November 3, 2015
One Percentage Point Sales Tax Increase Unreasonable Given Alternatives
In a report released today, the Civic Federation announced it could not support Cook County’s proposed FY2016 budget of $4.5 billion because it is based on a one percentage point increase in the County’s sales tax that will make the City of Chicago an outlier compared to other major urban centers with a composite rate of 10.25%. Most of the sales tax revenue collected in FY2016 will be dedicated to an increased contribution to the County’s underfunded pension plan. While the Federation supports the County’s efforts to increase pension funding, the magnitude of the sales tax increase is not reasonable given the other available revenue and expenditure reduction options. The full 98-page report is available here.
“The Civic Federation is disappointed not to be able to support this budget, which includes many praiseworthy initiatives and is not balanced through gimmicks,” said Laurence Msall, President of the Civic Federation. “We additionally support the County’s efforts to address its pension liability in the absence of action from Springfield. While past leaders have ignored the pension problem, President Preckwinkle deserves much credit for stepping up and deciding that underfunding ends during her administration.” Where the Federation takes issue with President Preckwinkle’s plan is with the revenue source and the process the County chose to implement the plan. “The Civic Federation calls on the County to roll back the proposed sales tax rate and instead implement a mix of additional cuts and increased revenues to fund its proposed pension payment.”

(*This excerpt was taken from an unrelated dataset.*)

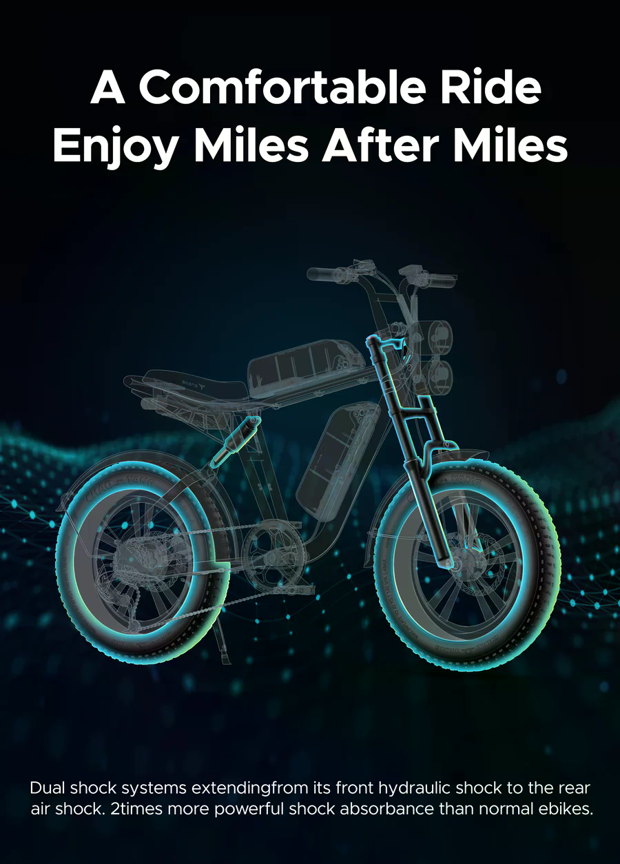 Design modelu ENGWE M20 patří mezi jeho nejvýraznější přednosti. Kombinuje retro motocyklový vzhled s moderními e-bike technologiemi a robustní konstrukcí rámu. Rám je vyroben z odolné hliníkové slitiny 6061 Aluminum Alloy, která zvládá vyšší zatížení, nárazy i dlouhodobé používání v různých podmínkách. Zatímco většina městských e-biků sází na minimalistický a lehký design, M20 klade důraz na pocit pevnosti, stability a motocyklového charakteru. Rozměry kola jsou 167 cm délka, 114 cm výška, 37 cm reach, rozvor 115,2 cm a výška rámu 76,2 cm, což zajišťuje pohodlný posed pro většinu jezdců. Velkým lákadlem je možnost instalace druhé baterie, která se montuje do rámové části a dodává kolu ještě výraznější moto-vzhled. Kvalitu výbavy doplňuje přední hydraulická odpružená vidlice v kombinaci se zadními vzduchovými tlumiči, díky čemuž se jedná o plně odpružený e-bike vhodný i na nerovné cesty. Silné přední LED světlo zajišťuje kvalitní osvětlení, pneumatiky 20×4.0" (fat tyres) poskytují výbornou trakci a jistotu při jízdě, zatímco mechanické 160mm kotoučové brzdy vpředu i vzadu zajišťují spolehlivé brzdění. Výhodou je také 7rychlostní převodovka, která umožňuje plynulé přizpůsobení stylu jízdy různým podmínkám.

The FY2016 budget includes a number of initiatives to close a preliminary deficit of $198.8 million, including a reduction to the tax allocation to the Health System, expenditure reductions such as changes to employee health benefits and some layoffs, as well as some targeted revenue enhancements. Only a very small part of the sales tax increase approved in July 2015 will be used to reduce the preliminary deficit. Instead, most of the projected $308.0 million in sales tax revenue to be collected in FY2016 will be dedicated to an additional pension payment of $270.5 million above the statutory level set out in state law.
While the financial condition of the County’s pension fund is not as dire as the City of Chicago’s funds, every year that goes by without a solution makes the pension problem more expensive and difficult to resolve. However, relying on an ill-advised one percentage point sales tax increase to cover a much-needed increase to pension payments is less than ideal. The County had other options and it would have been preferable if the increased contributions to the County’s pensions had been funded by a mix of revenue sources and cuts. Additionally, the introduction and approval of the sales tax increase outside of the budget process meant that Commissioners and the public lost an opportunity to engage in a thorough public discussion of options and alternatives.
The full report also discusses concerns the Civic Federation has with projected future budget deficits despite the sales tax increase. The Federation is also concerned that the County could face litigation over its increased pension contribution, since state law specifies that pension contributions must come from property tax revenues and caps contributions at a multiple of employee contributions made two years prior.